21 Oct 2004

An Australian faces Singapore's gallows

The Age

October 21, 2004

The death penalty is unconscionable, no matter what the crime.

Nguyen Tuong Van is a foolish young man. He took an extraordinary risk in an attempt to repay a drug-related debt incurred by his twin brother. He will now, most likely, pay for that debt with his life. Singapore's Court of Appeal yesterday rejected an appeal against a mandatory death sentence imposed on Nguyen in March for drug trafficking. In December 2002, the 24-year-old Melbourne man was arrested as he attempted to pass through Changi Airport en route from Cambodia to Australia. Strapped to his body and concealed in his luggage was 396 grams of heroin. The death penalty has been mandatory in Singapore since 1975 for anyone found with more than 15 grams of the drug. Execution is by hanging and Nguyen could earn the unenviable distinction of becoming the first Australian citizen to be executed in the island nation. His only hope now is a plea for clemency to Singapore President S. R. Nathan. Clemency is rarely granted in a country that has executed more than 400 people since 1991. Most of those hanged have been drug traffickers. The Singaporean Government does not publish statistics about death sentences or executions. It is not known how many prisoners are on death row. What is known is that Singapore has one of the highest per capita execution rates in the world, surpassing even China, which is responsible for about 85 per cent of the world's judicial executions.

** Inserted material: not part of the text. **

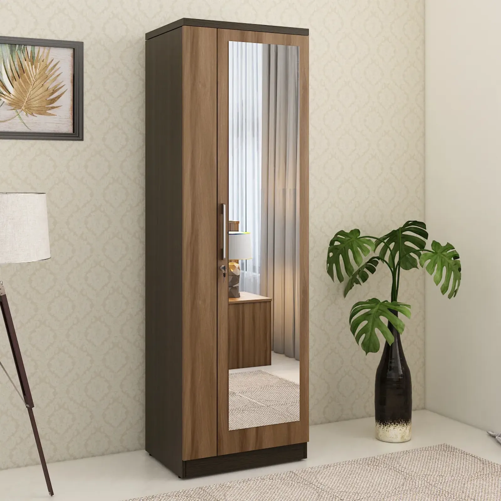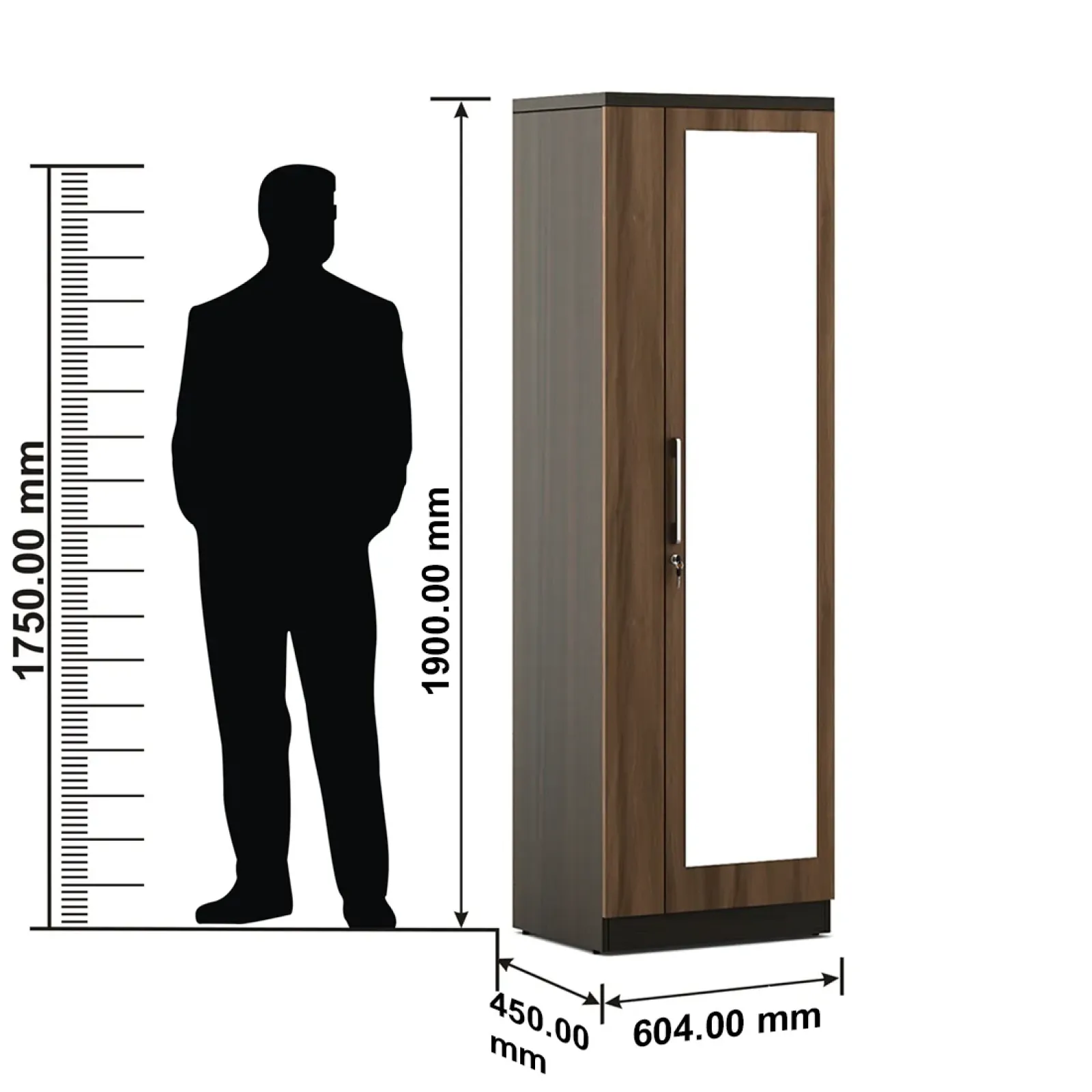 Ken 1 Door Wardrobe With Mirror - Walnut Bronze Woodpore
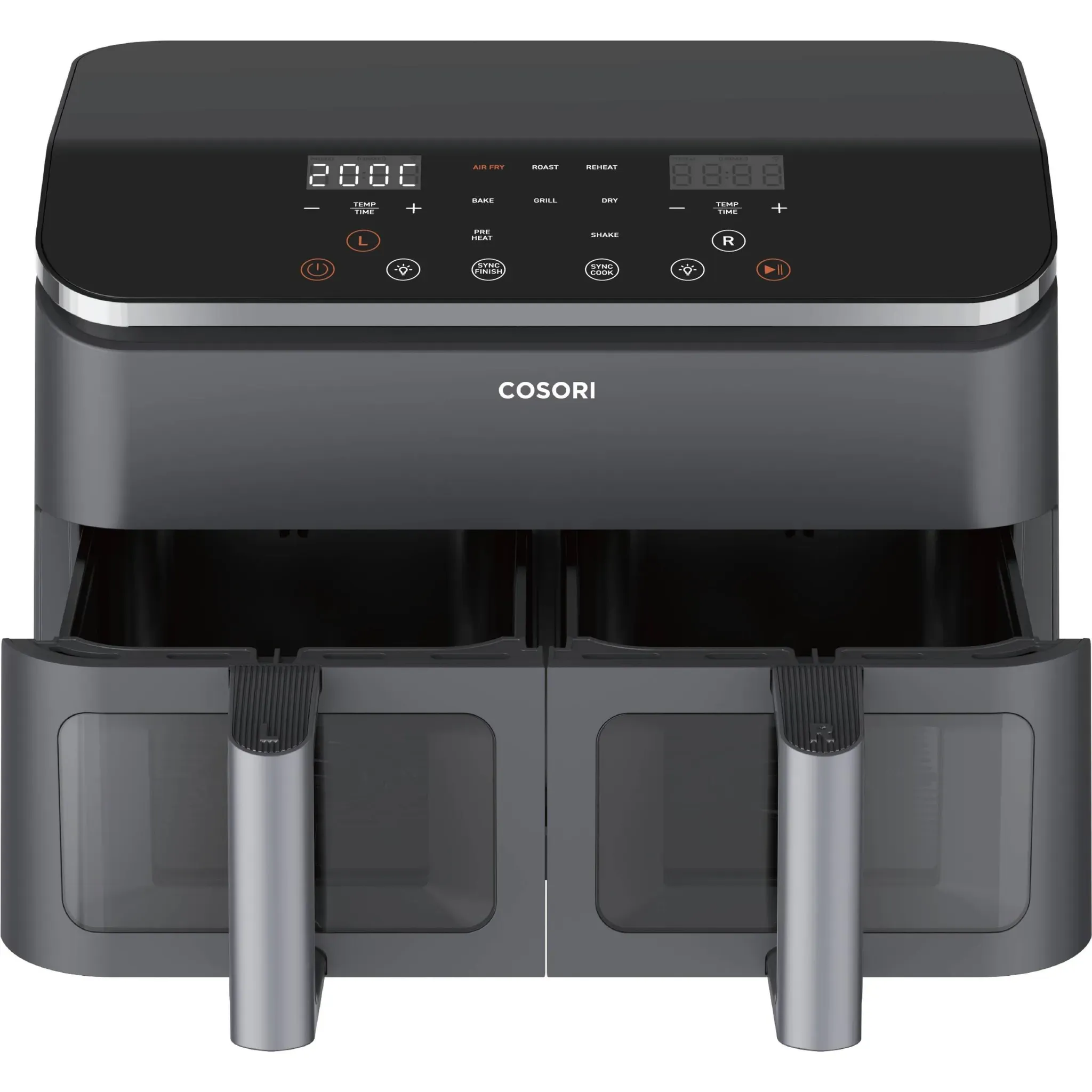 Auf Lager Versand durch AmazonCOSORI Airfryer, Testsieger der Stiftung Warentest, Heißluftfritteuse 2 Kammern, 8,5L Heissluftfritteuse mit Sichtfenster, Metall-Innenraum reduziert Kunststoffkontakt

In Australia, the death penalty was finally abolished when Western Australia removed it from the statute books in 1984. The last person to be executed in this country was Ronald Ryan, hanged at Pentridge Prison in 1967, although other Australians have since been executed overseas. There is little evidence to suggest that a continuation or resumption of the death penalty would in any way have acted as a deterrent against serious crimes in Australia. The homicide rate nationwide remains relatively stable. The Singaporean experience has been that capital punishment has scarcely had an impact on drug trafficking. In Texas, the United States jurisdiction in which more executions are carried out than any other, there has actually been an increase in the number of homicides in recent years.

There have been flashes of ambivalence in the attitude of Australians to capital punishment in recent years. Outrages such as the Bali bombings have served to refocus public attention on the issue. But the lesson of the abolition debates in Australia last century was clear: taking one life for even the most heinous of crimes in no way upholds or protects the value of all human life. The Age remains opposed to the death penalty, both here and overseas. The Australian Government has already made entreaties on Nguyen's behalf. It must continue to remind Singapore that judicial executions are an unconscionable violation of human rights that no truly civilised nation ought to condone.


Anonymous said...

Who cares about execution as a deterrent? It is more like taking out the garbage. Singapore - do not back down in the face of the whining bleeding heart liberals. Hang him.